For the next hour, they worked perfectly in tandem. Molly looked up only once and was amazed to find their progress was well ahead of the other students. She was particularly pleased to see the usually smirking Edgar with his face buried in a clumsily dissected pile of intestines, trying to untangle the loops.

“We’re winning,” James whispered, trying not to let his excitement show. “Just the stomach now. You can do it!”

Choosing a new scalpel, Molly moved to cut away the last bits of mesentery. One more slice, and—

The jolt came from behind her, a push that knocked into the hand holding the knife, sending it slicing across soft tissue. A ghastly smell released.

Molly turned to see Edgar’s grinning face. “Sorry. Looks like you forgot to clear a path around your body.” He motioned to the small dissection tray that rested between her and James, the tools they’d been sharing laid out. It stuck farther into the room than it should have so that they might both reach it.

“You did that on purpose!” She raised her scalpel. “We were—”

“What’s happened here?” Dr. LaValle hurried over and looked down at the corpse. James stared grimly from behind. “What have you done?” the doctor said.

The stomach gaped open, the stench of bile now filling the room.

“This is unacceptable!” the doctor shouted. “What if this had been a living person? You’d have killed them with this carelessness.”

“I’m sorry,” Molly began. “There was an accident around—”

“Keep your periphery clear!” the doctor said. “A working distance between you and all causal impediments at all times!”

“We won’t let it happen again,” James said, moving to stand beside Molly. “If you’ll let us finish, sir.”

But the doctor’s fury only grew. Grabbing a sheet, he moved toward the body. “You are finished!”

Molly could not stop looking at the wound. The unfortunate cut she’d made yawned open like a mouth, revealing a jagged window into the organ.

Small white sandlike granules coated its bottom. Molly leaned closer. “What is that? Are those . . . ?”

The doctor shoved her away and threw the sheet over the corpse, hands shaking.

“Lectures are over for today.” A small pulse beat in the center of his forehead, and his face was a mask of rage. “The rest of you can thank Miss Green for the wasted time.”

Several groans erupted, and then Edgar’s voice sounded in her ear. “Get out of this classroom, bitch. Or I’ll throw you out myself.”

James moved to step between them, but Molly held up her hand. “No. I’m going.” Raising her chin, she met Edgar’s gaze. “The next time you mess with my knife, it’ll end up in your neck.”

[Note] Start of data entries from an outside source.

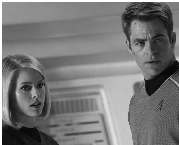
Alice Eve and Chris Pine in “Star Trek Into Darkness.”

After the secret “Section 31” installation is bombed by Starfleet agent John Harrison (Benedict Cumberbatch), a string of events are set into motion that will test the willpower of the USS En-
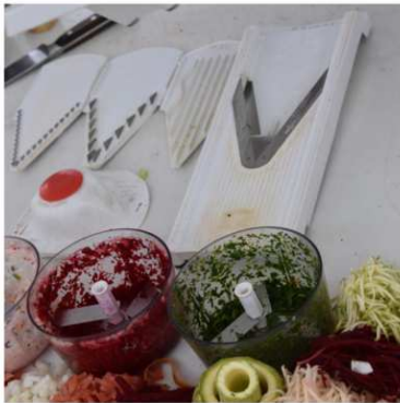
VEGETABLE CUTTER KRAJALNICA DO WARZYW CORTADOR DE LEGUMES FELIATOR DE LEGUME
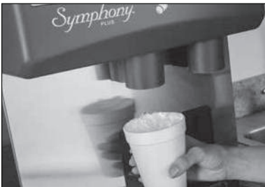
SensorSAFE not recommended for use with clear containers or for applications in direct sunlight
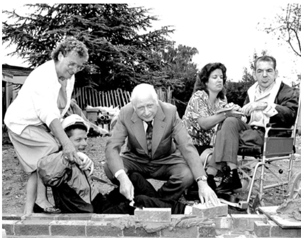
Badgers Construction Ceremony in 1992

Field Lane had been approached by the health authority in the Southend area to see if a new registered nursing residential centre for nine people with severe learning and physical disabilities could be built in the grounds of Eastwood Lodge. The residents would be coming from South Ockendon hospital which was to be closed as part of the Government policy to move people from long stay hospitals to community located care. Field Lane would have total responsibility for the building and the care of the residents for an agreed annual fee. This was agreed and Badgers opened in 1993.
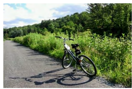
Halfmoon Hike-Bike Trail
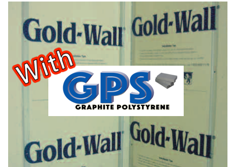
Minor in the field trimming offers the ability to easily float inside drywall corners.
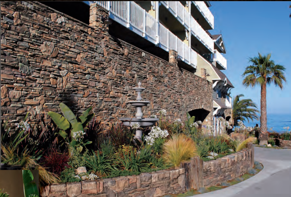
Eastern Mountain Ledge® & Minnesota Fieldstone - Coastal Brown
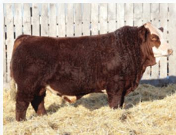
Black Gold Elevation 20E Sire of Embryos
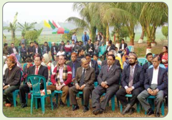
GB Chairman's Home
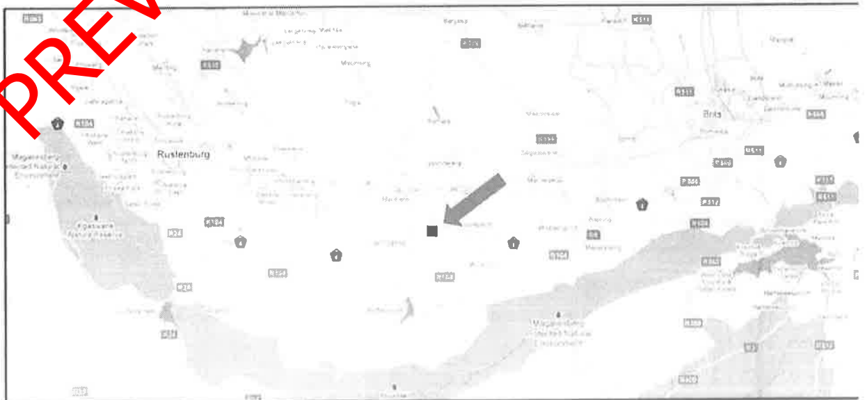
Figure1: Project Location

Tharisa mine is currently producing metallurgical grade chrome concentrate which is expected to reach a maximum production rate of approximately 160 000 tonnes per month in the near future. To cater for such volumes, Transnet Freight Rail (TFR) is proposing the construction of the rail link that runs from the main railway line about 2km west of the existing Marikana siding, along the 275kV Eskom line into mine. The railway line will service the new load out station to be built by Tharisa. It will be within the existing Eskom servitude to ensure a minimal environmental impact. This proposed route also ensures that there will be minimal land acquisition of parts of surrounding farms. Below, please see the project location (Figure 1).

She held back the furious tears until she was safely in her room, and there, where no one could see, she let them fall, as ugly as the cut she’d made.

The rest of day passed quickly. Molly dried her eyes, and in the little mirror over her washbasin, she practiced the lies she would tell Tom about how well she was doing. When night fell, she went downstairs and stepped out into the chilly air.

But Tom was not there. Instead, only the twins, Tom’s helpers, sat in the wagon, their faces a blank veil that refused to answer the question she would not ask.

Climbing into the carriage, Molly rode with them into the city, her heart calming to a stillness dark enough to match the dead.